In the world of handheld digital multimeters, maintenance professionals are being deluged with new models, new manufacturers, new functionality, claims about lowest cost, claims about features such as ruggedness, and water- and dust-resistance - the list goes on and on. To help put it all in perspective, consider some of the things that are most important to multimeter users.

Is it "CAT rated"?

Safety is, of course, the most important consideration. Make sure that any meter you consider has an International Electrotechnical Commission (IEC) category and voltage rating (often called a "CAT rating") that is appropriate for the electrical environment in which you will use it. For instance, if you need to make measurements in an electrical panel with 480 V, you'll need a meter that is rated "Category III 600 V" or "Category III 1000 V." This means that the meter's input circuitry has been designed to withstand voltage transients commonly found in this environment without harming the user. (The test leads you use with the meter should have an equal or greater CAT rating.)

A multimeter's CAT rating is usually displayed near its input jacks. Multimeters that are not CAT rated should never be used in high energy, three-phase electrical work environments.
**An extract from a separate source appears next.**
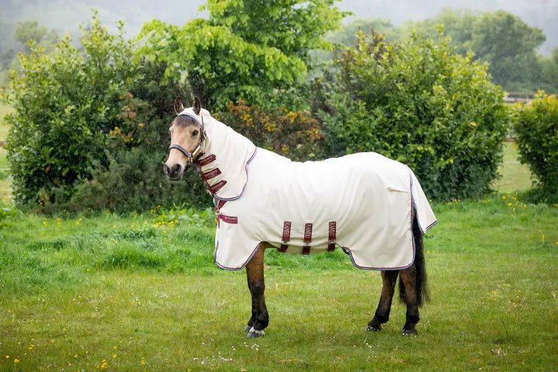 Protect your pony from summer irritations with the Rambo® Pony Hoody – a premium fly rug offering exceptional defence against flies, UV rays, and skin irritations. Crafted from ultra-durable 1000D polyester with a soft, close-weave finish, this lightweight and breathable rug is designed to block even the smallest biting insects. Ideal for sensitive ponies, it provides 90% UV protection and all-over coverage with an integrated neck cover, extended belly panel with secure Velcro closures, and a generous tail flap.

Is it certified for safety?

Instead of going to the expensed and trouble of getting independent certification that their products meet tough standards for safety, ruggedness, and durability, some manufacturers and vendors state only that their products are "designed to meet" those standards. This can leave the buyer wondering if the product is as safe as the manufacturer claims it is. The easiest way to ensure that a multimeter is safe is to look for the certification mark of independent safety and standards agencies stamped on the meter body and included in the meter's brochures and catalogs. If a product carries the mark of a certifying agency, it has been independently tested and certified to meet the agency's certification requirements.

As a rule, always make sure that the meter you are considering has at least one of the following certifications. More is better.

Tested and certified as meeting Underwrites Laboratories' safety requirements
Tested and certified to meet Canadian Standards Association International's standards for safety
Tested and certified for electrical safety by TÜV Rheinland
Tested and certified by the VDE Institute

Choosing a meter with the appropriate CAT rating that also has a UL, CSA, TÜV, or VDE certification means the meter has not only been designed to IEC standards, it has been independently tested to verify that it meets those standards.

Is it water- and dust-resistant?

If your work takes you into wet or dusty environments, you may be considering a multimeter that is water- and dust-resistant. Water and dust resistance standards are defined in IEC 60529, which specifies levels of "ingress protection" (IP) from solids and water.

An IP rating has of two digits. The first digit specifies the size of excluded objects.

Ingress protection levels for solids

Level Object Size Effective Against
0 Object size No protection
1 >50mm Any large surface of the body
2 >12.5mm Fingers or similar objects
3 >2.5mm Tools, thick wires
4 >1mm Granular objects. Most wires, screws etc
5 Dust protected Not entirely prevented but must not interfere with satisfactory operation
6 Dust tight No ingress of dust. Dustproof

The second digit of an IP rating specifies the level of protection against water.

Ingress protection levels for water

Level Protected Against Detail
0 Not protected  
1 Dripping water Vertically falling water. No harmful effect
2 Dripping water, 15° tilt Vertically falling water. No harmful effect when unit tilted up to 15° from its normal position
3 Spraying water Water falling as a spray at up to 60°. No harmful effect
4 Splashing water Water splashing from any direction. No harmful effect
5 Water jets Water projected by a nozzle from any direction. No harmful effect
6 Powerful water jets Water projected in powerful jets by a nozzle from any direction. No harmful effect
7 Immersion up to 1m Immersion in water up to 1m for 30 minutes Waterproof to 1m for 30 minutes
8 Immersion beyond 1m Continuous immersion

For example, the Fluke 28 II digital multimeter has a rating of "IP67." It is designed and tested to be dustproof and to withstand immersion in water to a depth of one meter for 30 minutes.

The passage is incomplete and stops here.